Diversity of life and the 'paradox of sex'
Date:
July 29, 2021
Source:
University of Arizona
Summary:
New research finds that sexual reproduction and multicellularity
drive diversity among different species.
FULL STORY ========================================================================== There are huge differences in species numbers among the major branches
of the tree of life. Some groups of organisms have many species, while
others have few. For example, animals, plants and fungi each have over
100,000 known species, but most others -- such as many algal and bacterial groups -- have 10,000 or less.
==========================================================================
A new University of Arizona-led study, published in the Proceedings of the Royal Society B, tested whether sexual reproduction and multicellularity
might help explain this mysterious pattern.
"We wanted to understand the diversity of life," said paper co-author
John Wiens, a professor in the Department of Ecology and Evolutionary
Biology. "Why are most living things animals, plants and fungi?"
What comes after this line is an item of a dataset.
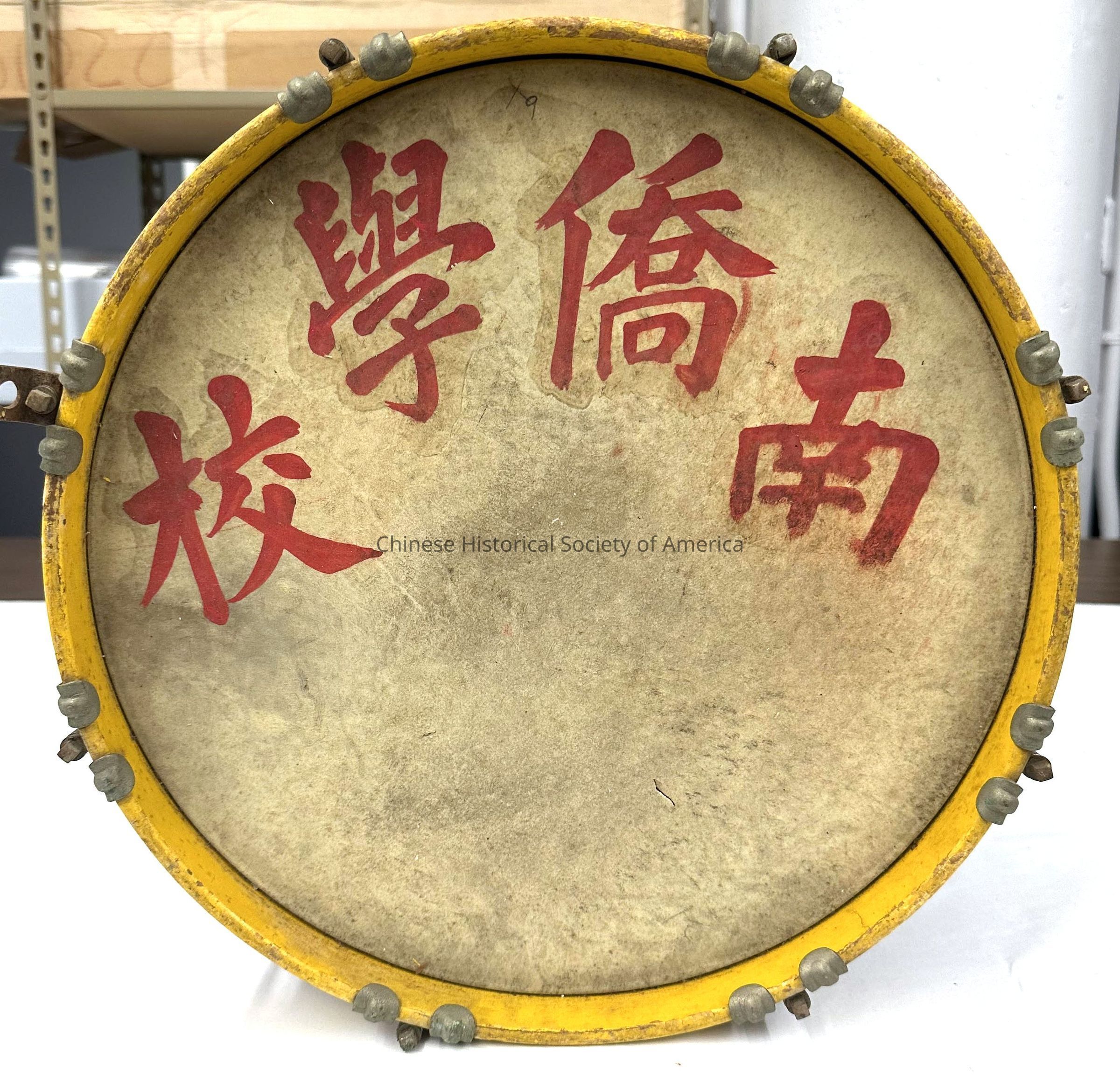 Nam Kue School Snare Drum. The drum has yellow rims and a black shell. In red, Nam Kue School's name is written in Chinese along the edge of the top head. "X" and "9" are written in pencil on top near border between Kue/Qiao and Xue characters. There is a maker's mark that reads, "Slingerland Quality Drums/Chicago ILL./U.S.A." This snare drum appears to be the Slingerland "Artist" Model, from the late 1920s.Context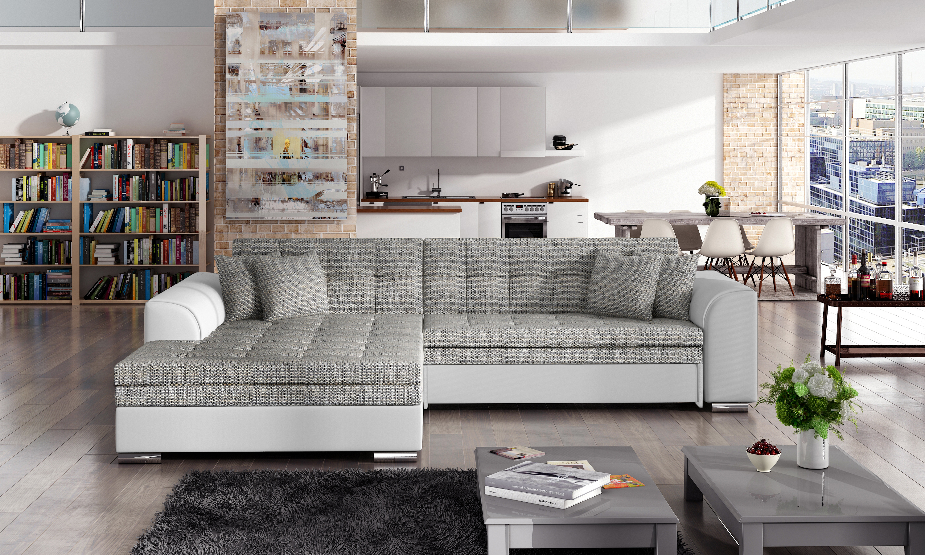 Tauchen Sie ein in den Komfort und die Eleganz des Ecksofas "Testartikel-Sarento". Dieses vielseitige Sofa ist in verschiedenen Farbkombinationen erhältlich und bietet Ihnen die Möglichkeit, Ihren Wohnraum ganz nach Ihren Vorstellungen zu gestalten. Mit seiner Schlaffunktion und geräumigen Sitzen ist es ideal für Gäste oder entspannte Abende zu zweit. Die ausprofilierte Rückenlehne und die abgerundeten Armlehnen sorgen für maximalen Komfort und Stil. Die verchromten Füße verleihen dem Sofa einen modernen Touch, während die stilvolle Steppung das Design komplettiert. Erleben Sie Komfort und Funktionalität in einem Möbelstück mit dem Ecksofa "Testartikel-Sarento".

To address this, Wiens worked with a visiting scientist in his lab,
Lian Chen from Nanjing Forestry University in China. They estimated
rates of species proliferation in 17 major groups that spanned all
living organisms, including bacteria, protists, fungi, plants and
animals. The hard part was to estimate how many species in each group
were multicellular versus unicellular and how many reproduced sexually
versus asexually. For five years, Chen sifted through more than 1,100 scientific papers and characterized the reproductive modes and cellularity
of more than 1.5 million species.
They found that both multicellularity and sexual reproduction helped
explain the rapid proliferation of animal, plant and fungal species. The
rapid proliferation of these three groups explains why they now include
more than 90% of Earth's known species.
The duo also found that the rapid proliferation of sexual species may
help explain the "paradox of sex." The paradox is why so many species
reproduce sexually, despite the disadvantages of sexual reproduction.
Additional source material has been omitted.